Thalidomide-O-amido-C8-NH2 hydrochloride

Background Introduction

Thalidomide-O-amido-C8-NH2 hydrochloride is a specialized E3 ligase ligand-linker conjugate designed for use in targeted protein degradation technologies. As a derivative of thalidomide, this compound leverages the unique binding capabilities of thalidomide to recruit cereblon (CRBN), an E3 ubiquitin ligase, a critical component in PROTAC (Proteolysis Targeting Chimera) development. The structure incorporates an O-amido-C8 alkyl linker that terminates with a primary amine group (NH2), enabling efficient conjugation to various target ligands for custom synthesis of PROTAC molecules.

Mechanism

The mechanism of Thalidomide-O-amido-C8-NH2 hydrochloride centers on its ability to facilitate targeted protein degradation via the ubiquitin-proteasome system. As part of a bifunctional PROTAC molecule, the thalidomide moiety binds selectively to the E3 ligase cereblon (CRBN), while the C8 amido linker provides spatial flexibility and a reactive amine group for attachment to a specific ligand targeting the protein of interest. When assembled into a PROTAC, this conjugate effectively brings the E3 ligase and the target protein into close proximity, promoting ubiquitination and subsequent proteasomal degradation of the target protein.

Applications

Thalidomide-O-amido-C8-NH2 hydrochloride is widely employed in the synthesis of PROTACs for both research and drug discovery applications. Its versatile linker design allows for the generation of various PROTACs targeting specific disease-related proteins, including oncogenic kinases, transcription factors, and epigenetic regulators. This conjugate is essential for scientists developing new therapeutic strategies in oncology, neurodegeneration, and autoimmune diseases, where selective protein knockdown is desired. Additionally, it serves as a key intermediate in the creation of customized degrader libraries for high-throughput screening and target validation studies.

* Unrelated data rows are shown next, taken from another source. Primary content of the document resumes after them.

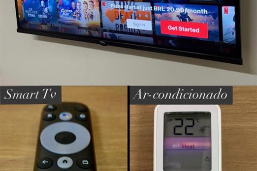 Nosso quarto para até três pessoas, ideal para uma estadia confortável e relaxante. Este quarto dispõe de uma confortável cama de casal e uma cama de solteiro, garantindo uma noite tranquila de sono para todos os hóspedes. Além disso, o quarto está equipado com uma televisão para o seu entretenimento, uma mesa de apoio para maior comodidade e conveniência, e possui ar condicionado para o seu conforto durante toda a estadia. Este quarto não possui banheiro privativo, no entanto, nossa propriedade oferece banheiros compartilhados para sua conveniência. Além disso, você terá acesso a áreas comuns, como sala de estar e área de jantar, onde pode relaxar e desfrutar de momentos tranquilos. Também oferecemos uma cozinha totalmente equipada para sua conveniência e uma garagem disponível para uso.
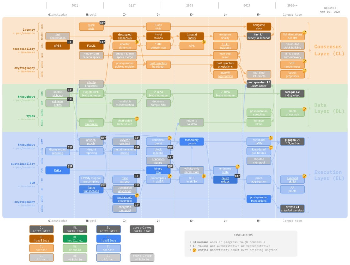 Carter señaló que los desarrolladores de Ethereum ya están trabajando en ello con un nuevo equipo de seguridad, y enlazó a una hoja de ruta postcuántica detallada para 2029 que se ha establecido como «prioridad estratégica máxima».
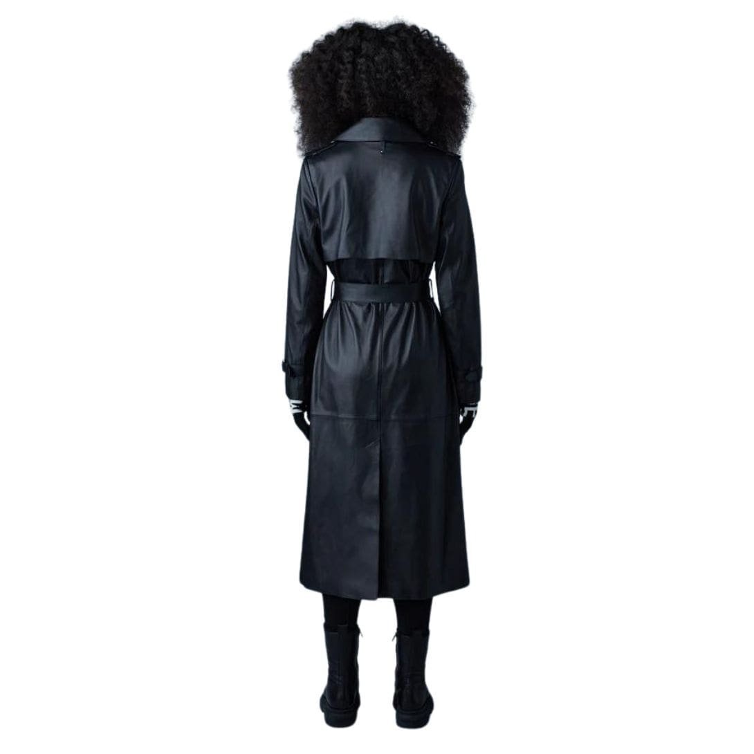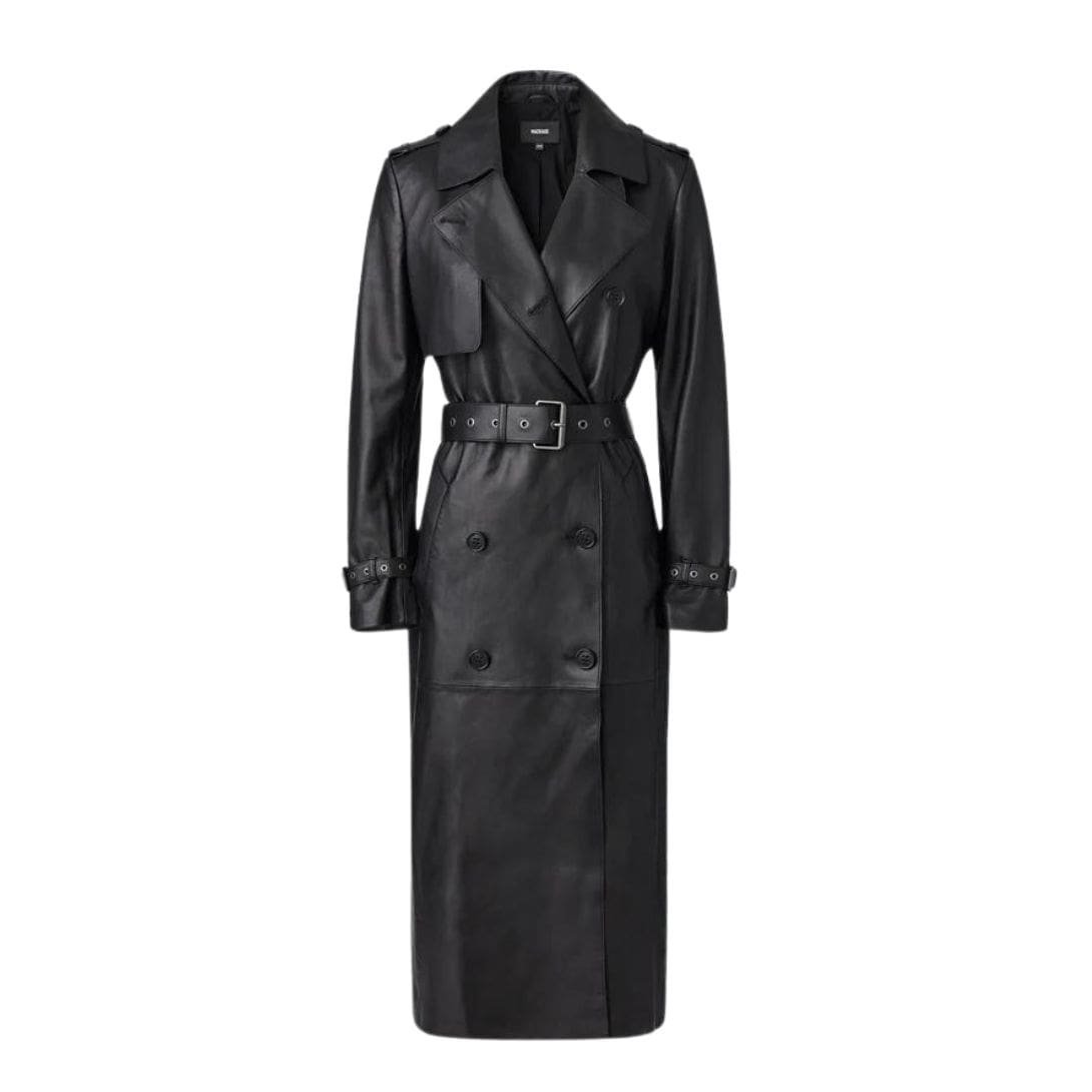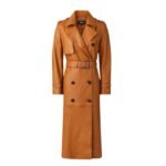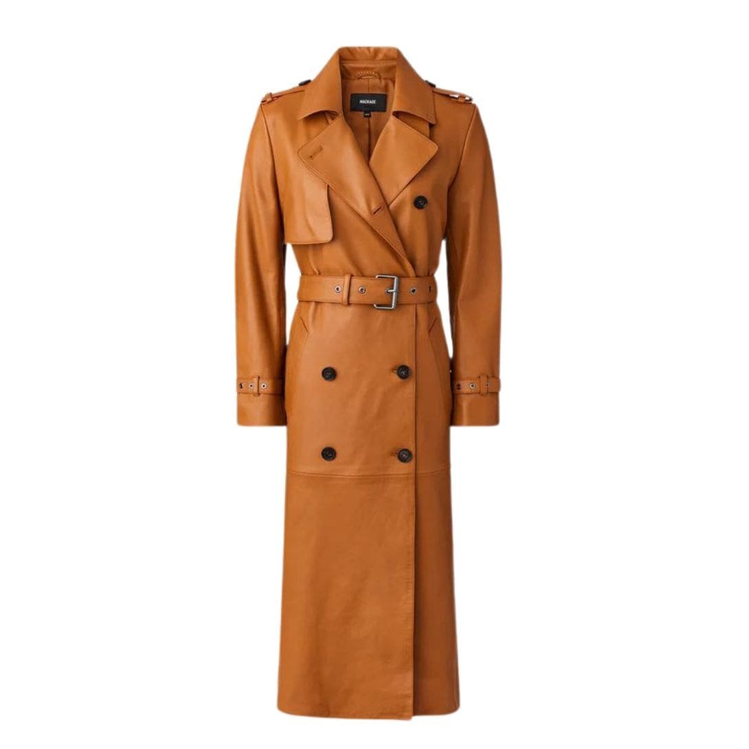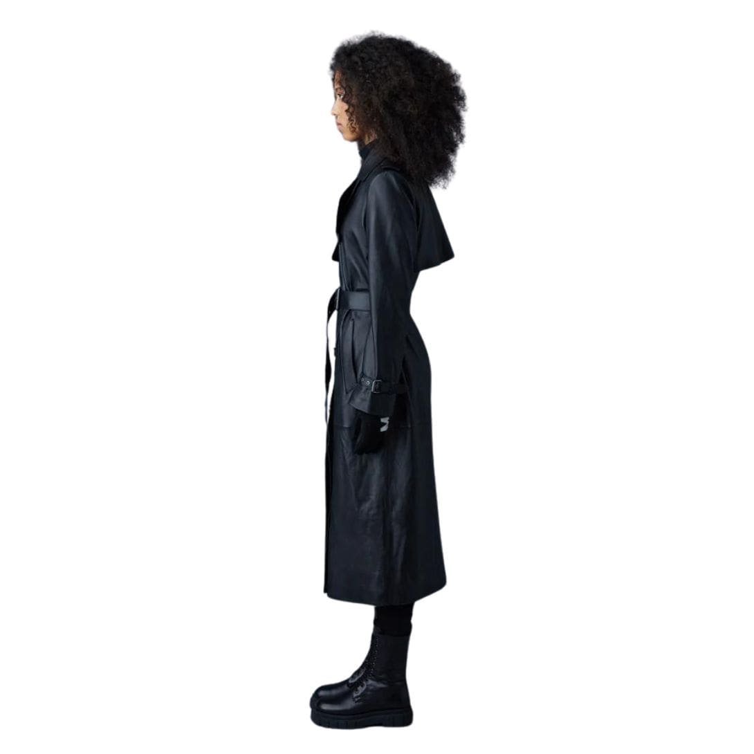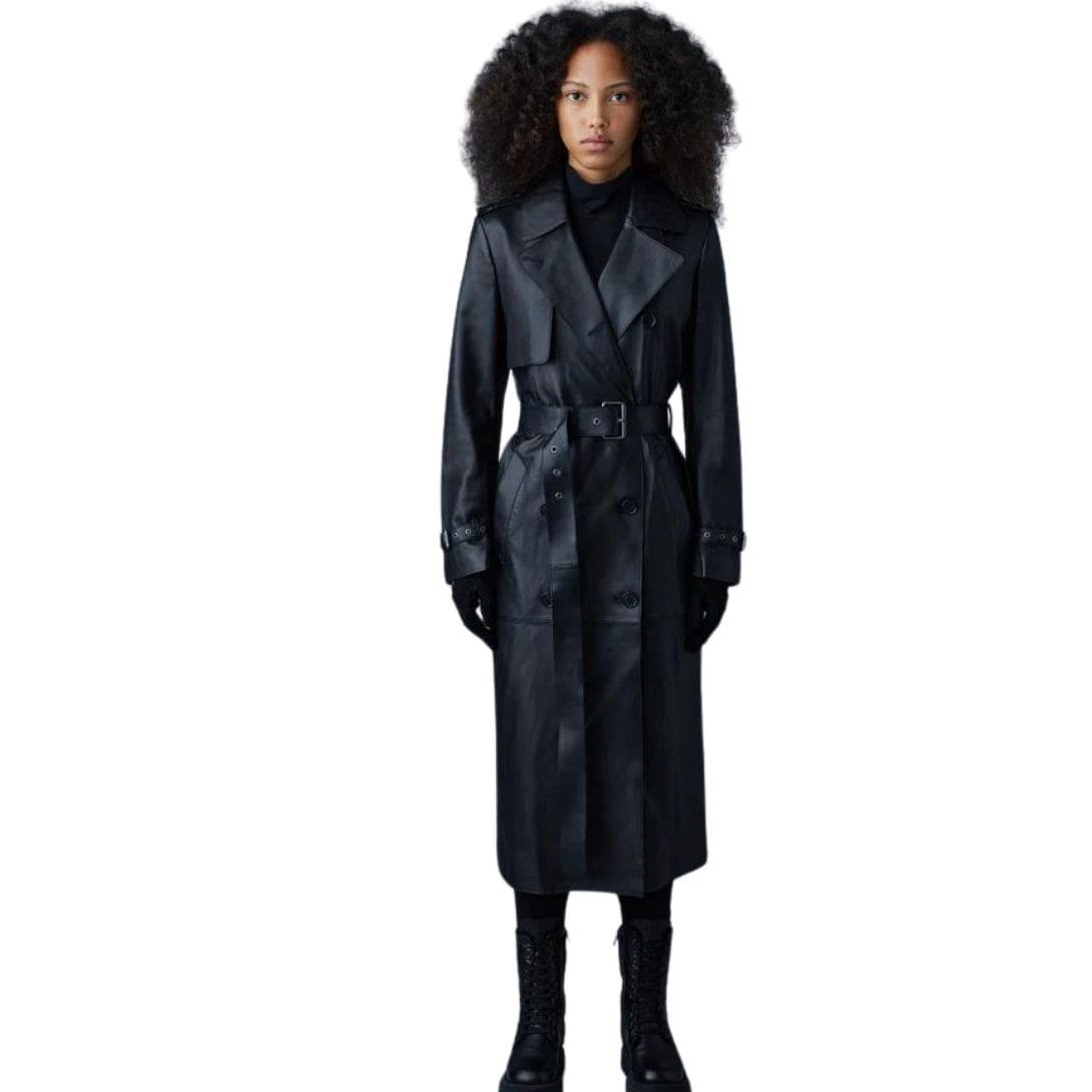 Introducing Mackage Gael-Z Leather Trench Coat with Belt, a masterpiece in the realm of women’s outerwear, meticulously crafted from our renowned (R) Leather. This exquisite double-breasted trench coat exudes confidence with its bold design elements. The wide notch Napoleon lapel, button collar latch, and unique asymmetrical rainshed embody sophistication and style.
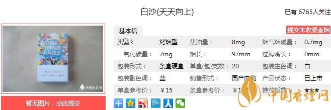 白沙(天天向上)名字很勵(lì)志,符合年輕人的消費(fèi)特點(diǎn),比較受青年消費(fèi)者的推崇,包裝很漂亮很新潮,讓人看了有一種積極向上的感覺,在市場上賣得不錯(cuò)。下面就由香煙網(wǎng)小編帶大家一起來了解白沙天天向上的相關(guān)信息。
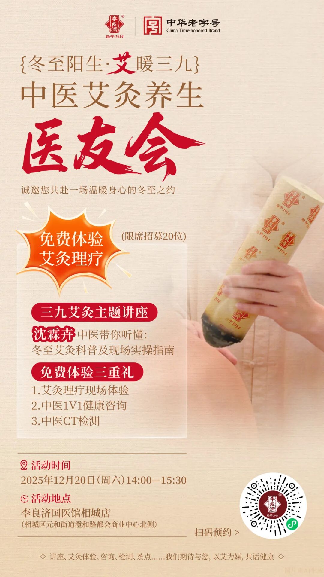 三九将至,艾灸养生正当时!本周六下午,中医艾灸养生医友会,将在李良济相城店开启,现场特邀沈霖卉医生,为大家带来“三九艾灸”主题讲座!本次活动免费哦~

Thalidomide-O-amido-C8-NH2 hydrochloride serves as a versatile E3 Ligase Ligand-Linker Conjugate in the development of PROTACs, facilitating targeted protein degradation by linking a thalidomide-based ligand with a flexible linker. The following provides a detailed description of this molecule's linker, ligand, and reactive site, along with recommended target protein ligands for optimal application.

Linker: The linker in this molecule is an eight-carbon chain, providing moderate length that balances flexibility and rigidity. It is an aliphatic type, which ensures adequate spacing between ligand and target, and it is non-cleavable, promoting stable conjugation.

Ligand: The ligand is derived from thalidomide, a well-characterized E3 ligase modulator. Its structural characteristics include a glutarimide moiety, which is crucial for binding to the cereblon E3 ligase, enhancing the specificity and efficiency of the PROTAC.

Reactive Site: The reactive site features an amido group, which is designed to couple efficiently with amine or hydroxyl groups on the target protein ligand. Recommended reaction types include amide bond formation, which is reliable for stable conjugation in aqueous environments.

Recommended Target Protein Ligand: The molecule is compatible with electrophilic warheads such as acrylamides, which target cysteine residues on proteins. This compatibility provides advantages in terms of selectivity and potency, making it ideal for applications in studying proteins with accessible cysteine sites, thereby enabling precise modulation of protein function in cellular environments.